"Пакистан". Сбор заявок на книгу моих рассказов!

  • Автор темы Автор темы Primary
  • Дата начала Дата начала
Primary написал(а):
Mrs. John, пользуясь случаем, я хочу спросить у вас разрешения написать небольшие отзывы на ваши рассказы, два рассказа. Почему спрашиваю - написаны эти рассказы уже давно, и, может, это для вас уже пройденный этап. Только я попозже напишу, в отпуске или после, если вы захотите, конечно. (Надо же свой рассказ хотя бы попытаться закончить).
Ваше мнение для меня важно в любом случае - пройденный это этап или нет.
 
Отлично, хоть отвлекусь от своего рассказа.
А то стала торопиться, сегодня выложила две главки сразу и в итоге все равно дважды минут по тридцать правила последний кусок прямо онлайн. Видимо, все должно вылежаться хоть сколько-то, нельзя выкладывать как пирожки из печки.
 
Очень понравилось. :)
Не везло тогда лошадям. :( А почему задерживали зарплату, какая была причина всего этого?
Интересно, стали ли вы геофизиком или нет?
 
Нира, причина - развал страны и глубокий экономический кризис. Я так понимаю, описываемые события пришлись на начало 90-х. Жуткое время.
 
Mrs. John, понятно, значит всё это связано с развалом СССР. :( Я знала, что тогда была ужасная ситуация, но не знала конкретных примеров и ситуаций, теперь я лучше понимаю, что тогда было. Я рада, что не застала это время и не узнала на себе того, что творилось в те времена.
 
Верно, Mrs. John, начало 90-х. Точнее, повествование начинается летом 90-го, последние описанные события относятся к 91-му году, а закончиться оно должно в 1992-м.

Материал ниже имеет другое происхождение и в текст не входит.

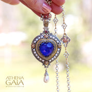 This stunning Pop Rocks Imperial Heart Pendant, winner of the 2021 JCK Jewelers’ Choice Award, combines absolute elegance, with classic Greek ornament. It's crafted from 18k Gold and 925 Sterling Silver with Ruby flowers with Diamond centers, a 20mm Quartz Doublet center stone with a Freshwater Pearl border, a Diamond on the bale, flanked by a Ruby below, and a teardrop Pearl enhancer. It's a true statement piece! The bale opens for easy mounting on most chain styles. This pendant is the definition of heirloom.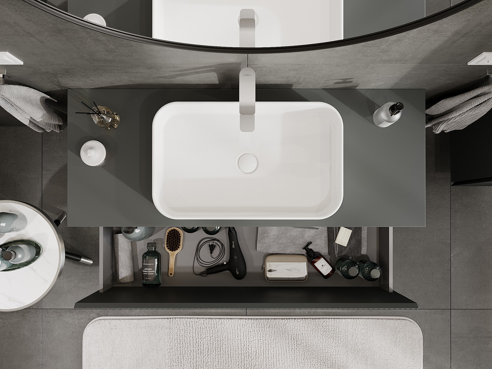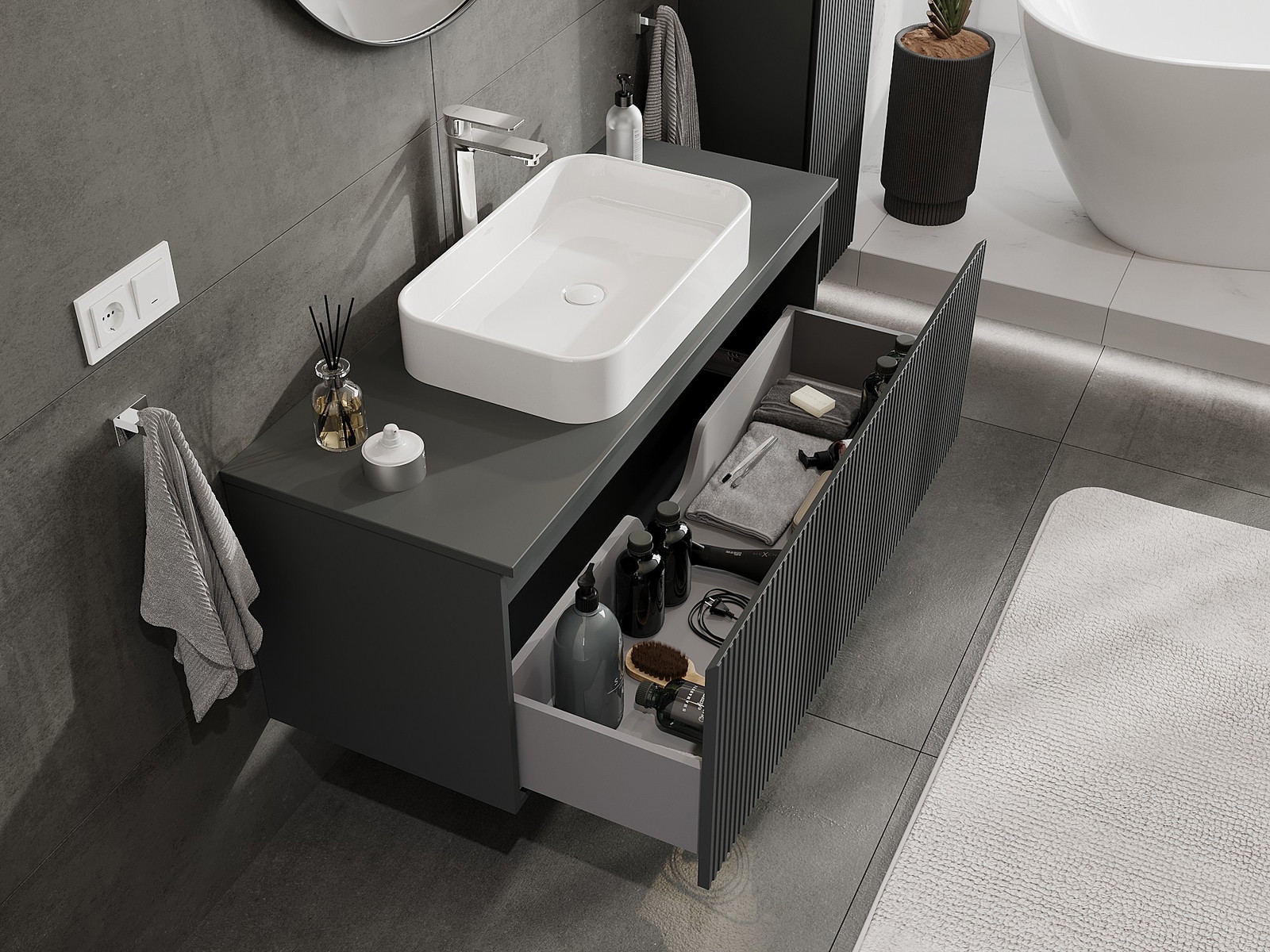 Mūsų moduliniai vonios baldai gali būti derinami tarpusavyje įvairiomis spalvų konfigūracijomis, leidžiant visiškai pritaikyti pagal asmeninius poreikius. Galima pasirinkti tiek atskirų elementų išvaizdą, tiek funkcijas, kas leidžia baldus pritaikyti pagal savo stiliaus ir naudojimo preferencijas.

Все, наверное, уже забыли, или не обратили внимания, - во второй главке я написала "последние Всесоюзные соревнования".
Конь-прототип Пакистана - 1988-го г.р.

Значит, напугала я вас... И все-таки скатилась в публицистичность, за которую меня пожурила Mrs. John в отзыве на другой рассказ. Но я не смогла бы совсем обойти ту обстановку, в которой тогда жили конники, раз действие происходило в это время.

Но я старалась не писать ничего страшного. Лошадей жалко, да... Но и людей жалко. Было время, когда задержка зарплаты на ипподроме достигала 3-х лет! Вы можете себе это представить? Была семья, муж и жена наездники, он бригадир, она помощник, у них было 5 маленьких детей! Лично мне ипподром до сих пор должен зарплату за август 1993-го, когда я пошла в отпуск на основной работе и на месяц устроилась на ипподром, даже в Раменское на Кубок России съездила с лошадью (конюхом, конечно).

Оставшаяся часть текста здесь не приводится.